Another challenge, if projected sea level rises and increased natural disasters are to proceed, will be the handling of climate refugees and providing aid to those whose homes and lives are ruined. Australia’s current refugee policy, mostly focussed on asylum seekers arriving by boat, would be ill equipped – and entirely unacceptable – to deal with waves of people seeking haven from climate induced disasters. The longstanding and mostly bipartisan approach has been for any attempted arrivals to be intercepted, and any “illegal” arrivals have been denied permanent protection. Climate change, however, is different to war in that the urgency and potential to return is limited.
An entirely new framework would be required to accommodate the influx of refugees, and not only would we have international obligations, but we would also have personal obligations as well. What Australia would need is “a Climate Justice approach [that] will amplify the voices of those people who have done least to cause climate change, but who are affected most severely by it.” (Robinson, cited in Dreher and Voyer, 2015). As a high producer of greenhouse emissions (including those generated by energy exports), Australia will need to take greater responsibility for the damage caused by climate change in the long-term. Given the brilliant potential for renewables here, Australia is well suited for the challenge if it takes initiative and acts. (Garnaut, 2019).
The 2022 Australian election brought the Labor Party into a majority, signalling a more hopeful shift in policy from some but raising further questions from others. For example, Labor’s public commitments are to reach net zero by 2050, but reduce emissions only by about 43% by 2030 – higher than the Coalition, but less than even the Business Council’s previous target of 50%. Despite pledges to work with Pacific Island countries and the UN on climate change, many of them still believe Australia has not committed enough to the cause, citing new fossil fuel projects and exports. (Hurst, 2022). In some cases, Labor state governments have not been doing enough either, with Western Australia actually increasing their emissions while focussing solely on select coal projects. (Moodie, 2022).

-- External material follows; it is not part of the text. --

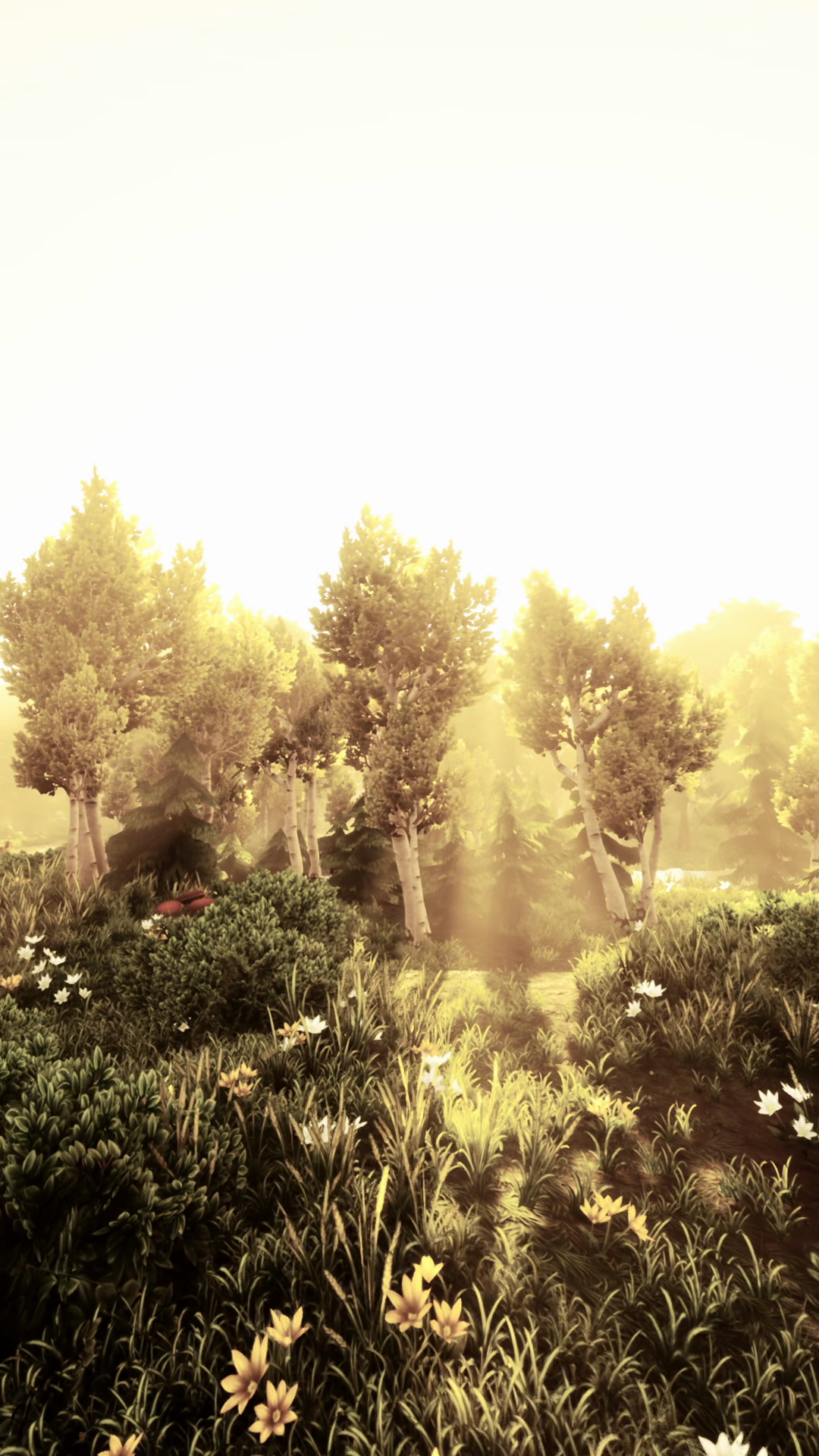 Cartoon Wooded Forest Trees Backlit By Golden SunlightÂ
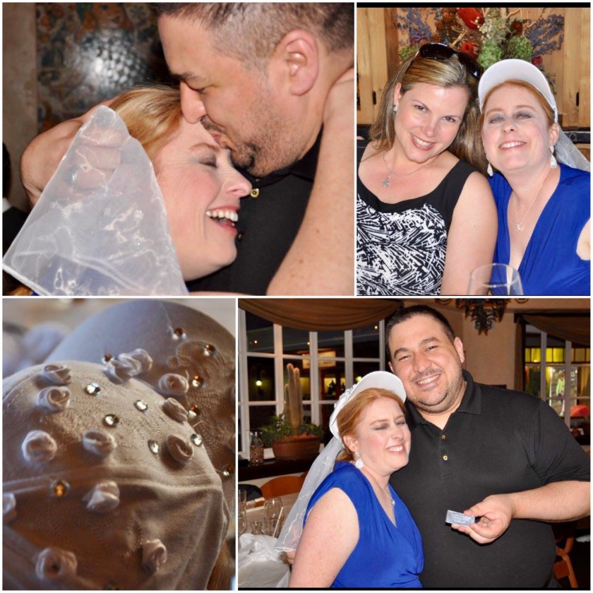 It was a fun night and I wore a bride baseball hat with roses and rhinestones and a veil. I love these photos of us along with those of Matt and I, even though I had my eyes closed in both. In the second one of Matt he is holding the money clip personalized with our wedding date and location I got him as part of his wedding present.

Foreign policy in Australia will be a careful game in many respects, but when it comes to climate change and energy, the challenges are very clear and very urgent. Our international obligations, our relations with the Pacific and Asian regions – including China – our approach to refugees, and future energy trading is all tied up in how the nation approaches the threat of climate change. If we do not confront these challenges, the ones that follow will be worse.